Since this is a linear operation on $N$-dimensional vectors, there is a trivial algorithm (for fixed $L$): precompute the matrix describing this linear operation, then do matrix-vector multiplication in $O(N^2)$ time. This can be improved to $O(N^2/\sqrt{\log(N)})$ by handling portions of a with different popcnt(z) separately. However, similarly to the standard FFT, one may expect that this can be done faster (possibly in $O(N \log(N))$ or, at least, $O(N \text{Poly}(\log(N)))$ time). Does such faster algorithm (for a classical computer) exist?

Answer 1

It is at most $O(2^L L^2)$

openfermion.circuits.ffft implements the fermionic Fourier transform on a gate quantum computer. One can simulate this algorithm on a classical computer at the multiplicative cost of $2^L$, which gives the overall time complexity of $O(2^L m^*(L))$, where $m^*(L)$ is the minimal size of decomposition of the classical DFT matrix $F_{jl} = \frac{1}{\sqrt{L}} e^{-2\pi jl / L}$ into 2x2 unitaries (i.e. unitary matrices which match with the identity matrix except for the intersection of two columns with rows with the same indices).

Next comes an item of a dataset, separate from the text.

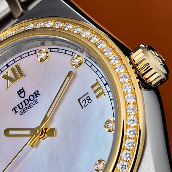 Die TUDOR Royal steht für ihr stilsicheres Design. Ein ganz besonderes Strahlen geht von den aktuellen Damenmodellen mit Diamantbesatz aus. Die brillantbesetzten Indizes – und bei ausgewählten Modellen auch die rundherum mit Diamanten besetzte Lünette – machen die Uhr zu einem kostbaren Juwel. Wählen Sie zwischen Modellen am Edelstahlarmband oder am Bicolor-Armband aus Gold und Edelstahl – hier ist auch die Lünette aus Gold gefertigt.

The algorithm (for classical computer) works as follows. First, notice that Eq. (4) in the question changes all creation operators $c^\dagger_j$. What if we changed just 2 of them (by applying a unitary matrix $U$ to the vector containing these two creation operators), say $c^\dagger_{j_0}$ and $c^\dagger_{j_1}$? In this case $a_z$ would remain the same if $z_{j_0} = z_{j_1} = 0$ because these terms do not involve any of the two affected creation operators. If $z_{j_0} = z_{j_1} = 1$, then $a_z$ would be multiplied by $\det(U)$. The remaining coefficients $a_z$ can be split into pairs with exactly one of $j_0$ and $j_1$-th bits set. For such pair $(z,\tilde{z})$ the coefficients $(a_z, a_{\tilde{z}})$ are multiplied by the matrix $U$ and the sign equal to $(-1)$ to the power of bits set in $z$ and $\tilde z$ between $j_0$ and $j_1$. Thus, such $2\times 2$ unitary can be applied in $O(2^L)$ time. What remains is to decompose the matrix $F$ describing the classical Fourier transform into the product of such $2\times 2$ unitaries (and, optionally, a permutation matrix which would correspond to permuting bits of $z$ and adjusting the signs of $a_z$ accordingly).

One can follow Cooley-Tukey algorithm to show that if $L=L_1\cdots L_k$ is composite then $m^*(L) \leq \sum_{j=1}^{k} m^*(L_j) L / L_j$, which gives $m^*(L) = L\log_2(L)/2$ when $L$ itself is a power of 2 (or $m^*(L) = O(L\log_2(L))$ when $L$ is a product of small primes). For prime $L$ I only can show that $m^*(L) \leq (L-1)(L+3)/4$, which gives the overall complexity of $O(L^2 2^L)$. I've posted a question on whether a decomposition into $O(L\log(L))$ 2x2 matrices is always possible (even for prime $L$) here.